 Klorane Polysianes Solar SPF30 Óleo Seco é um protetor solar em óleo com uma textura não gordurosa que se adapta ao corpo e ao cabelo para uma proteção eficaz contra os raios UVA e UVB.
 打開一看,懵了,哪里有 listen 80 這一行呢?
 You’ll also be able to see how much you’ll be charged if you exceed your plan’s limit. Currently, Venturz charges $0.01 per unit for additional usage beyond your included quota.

● ● ●

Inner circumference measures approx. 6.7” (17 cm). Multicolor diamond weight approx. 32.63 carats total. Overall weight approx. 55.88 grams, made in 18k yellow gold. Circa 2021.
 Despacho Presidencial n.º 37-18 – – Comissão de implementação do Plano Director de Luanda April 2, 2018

● ● ●

▸ ABOUT THIS EXERCISE: Beginning with the line above that contains "Klorane Polysianes Solar", copy each line exactly up to and including the line that contains "You’ll also be", and go no further.

▸ ANSWER BELOW:
 Klorane Polysianes Solar SPF30 Óleo Seco é um protetor solar em óleo com uma textura não gordurosa que se adapta ao corpo e ao cabelo para uma proteção eficaz contra os raios UVA e UVB.
 打開一看,懵了,哪里有 listen 80 這一行呢?
 You’ll also be able to see how much you’ll be charged if you exceed your plan’s limit. Currently, Venturz charges $0.01 per unit for additional usage beyond your included quota.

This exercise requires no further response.